Ritorno in Germania:

Si tratta di un testo scritto subito dopo la fine della seconda guerra mondiale nel quale la Arendt riflette sulla
situazione presente allora in Germania. La Arendt apre questo saggio affermando che in meno di sei anni la
Germania,commettendo crimini che nessuno avrebbe ritenuto possibili, ha distrutto la struttura morale del
mondo occidentale.

Nella prima parte esprime le sue perplessità e timori per le condizioni dei milioni di profughi tedeschi
provenienti dai balcani e dall’est europa che,con la fine del conflitto,si sono riversati in Germania e in
Austria.Questa massa di profughi ha aggiunto all’immagine della distruzione postbellica tratti specificamente
moderni cioè la perdita della patria,dello sdradicamento sociale e della privazione dei diritti politici dei tanti
uomini dei territori orientali. In questo contesto, la realtà dei campi di concentramento e di un paese
completamente distrutto dal conflitto mondiale,ha reso più doloroso ma anche più duraturo il ricordo della
guerra e la paura che se ne possa scatenare un’altra. La vista di quelle città tedesche distrutte muovono un
ricordo per la guerra passata ma una paura per le guerre future, cioè una duplice inquadratura della guerra
mondiale simultaneamente all’inizio della guerra fredda.

Ciò che più colpisce però la Arendt è la reazione dei cittadini tedeschi di fronte ai tanti morti e alle rovine,
una reazione di rifuto ,che a detta sua, può essere ‘’un rifiuto non del tutto consapevole di cedere al dolore’’
oppure è ‘’ espressione di una vera e propria incapacità di sentire’’. Con il termine “incapacità di sentire”, la
Arendt non intende incapacità nel senso proprio del termine ma una sorta di ‘non volontà’ di confrontarsi
con l’evidente drammatica dei fatti. Ed è proprio questa la banalità del male cioè i tedeschi erano
umanamente incapaci di allargare lo sguardo oltre la miseria della loro individuale condizione. Hannah
Arendt osserva infatti come siano ancora tanti coloro che poco si interessano della distruzione che li
circonda,dei milioni di profughi e di portare lutto per i morti. Quest’apatia,questa mancanza di emozioni non
sono altro che sintomi di un radicato e ostinato rifiuto di fare i conti con ciò che è realmente accaduto.
Secondo la scrittrice,verificare questo atteggiamento è semplice,basta avviare una discussione con un tedesco
di qualsiasi classe sociale: nel momento in cui quest’ultimo si rende conto che sta parlando con un
ebreo,dopo un iniziale imbarazzo,non avrà mai il coraggio (o l’interesse) di chiedergli del suo destino o di
quello della sua famiglia,bensì si limiterà a parlare delle sofferenze dei tedeschi mettendole a confronto con
quelle degli altri. Questa reazione evasiva si nota anche alla vista delle città distrutte dai bombardamenti: per
il tedesco medio la devastazione non è da ricercare ‘’nelle azioni del regime nazista, ma negli eventi che
portarono alla cacciata di Adamo ed Eva nel paradiso’’.

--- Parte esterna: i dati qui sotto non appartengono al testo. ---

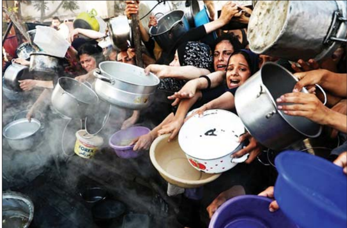
အကူအညီရရှိနေသည့် လူပေါင်း ၁၃ ဒသမ ၇ သန်းမှာ စားနပ်ရိက္ခာအစီအစဉ် (ဒေလျူအက်စ်ပီ) က အလွန် ဆိုးရွားသည့် ဆာလောင်မှုဘေးအန္တရာယ်သို့ အောက်တိုဘာ ၁၅ ရက် ထုတ်ပြန်ချက်၌ သတိရောက်ရှိ သွားနိုင်သည်ဟု ကုလသမဂ္ဂ ကမ္ဘာ့ပေးထားသည်။ ဆင်ဟွာ

လေ့ရှိသော ကမ္ဘာ့စားနပ်ရိက္ခာနေ့အတွက် ၎င်း၏ သဝဏ်လွှာတွင် ထည့်သွင်းပြောကြားခဲ့သည်။ အလွန်မြင့်မားသည့် စားရေရိက္ခာမလုံမှုကို မြှမ်းခြောက်နေသည့် ရာသီဥတုဖောက်ပြန်ခြင်းလဲလှဲမှုများအထိ ဆယ်စုနှစ်များစွာအတွင်း စိန်ခေါ်မှုအသစ်များ ပေါ်ပေါက်လာခဲ့ကြောင်း၊ ဆာလောင်မှုကို လက်နက်တစ်ခုအဖြစ် အသုံးပြုနေကြောင်း ဂူတာရက်စ်က ပြောသည်။ ပြည်သူများကို အာဟာရဖြည့်တင်းပြီး ကမ္ဘာပေါ်တွင် ကာကွယ်ပေးနိုင်မည့် စားရေရိက္ခာစနစ်များ တည်ဆောက်ရန် တစ်ဖန်ပြန်လည်စုစည်းညီညွတ်ကြရေးနှင့် ပတ်သက်ပြီး ဂူတာရက်စ်က နိုင်ငံတကာအသိုင်းအဝိုင်းကို တောင်းဆိုထားသည်။ ကမ္ဘာ့စားနပ်ရိက္ခာအဖွဲ့၏စားနပ်ရိက္ခာထောက်ပံ့ကူညီမှုများကို ဖြတ်တောက်မည်ဆိုပါက လက်ရှိ

I tedeschi hanno, secondo la Arendt, sviluppato una serie di stratagemmi ed espedienti per poter arginare la
tragica realtà del nazismo e dell’olocausto.(Shadenfreude). Si ancorano sostanzialmente all’idea che tutto ciò
sarebbe potuto accadere in un altro paese ed ad altri popoli. Quest’ultimo elemento serve ‘’come
tranquillizzante argomento per provare come tutti gli uomini sono in egual misura colpevoli’’.
La banalità del male

Nel 1961 Hannah Arendt come corrispondente del The New Yorker seguì a Gerusalemme il processo contro
uno dei principali esecutori della ‘soluzione finale’ ossia Adolf Eichmann. Successivamente decise di
pubblicare questo resoconto come libro nel 1963.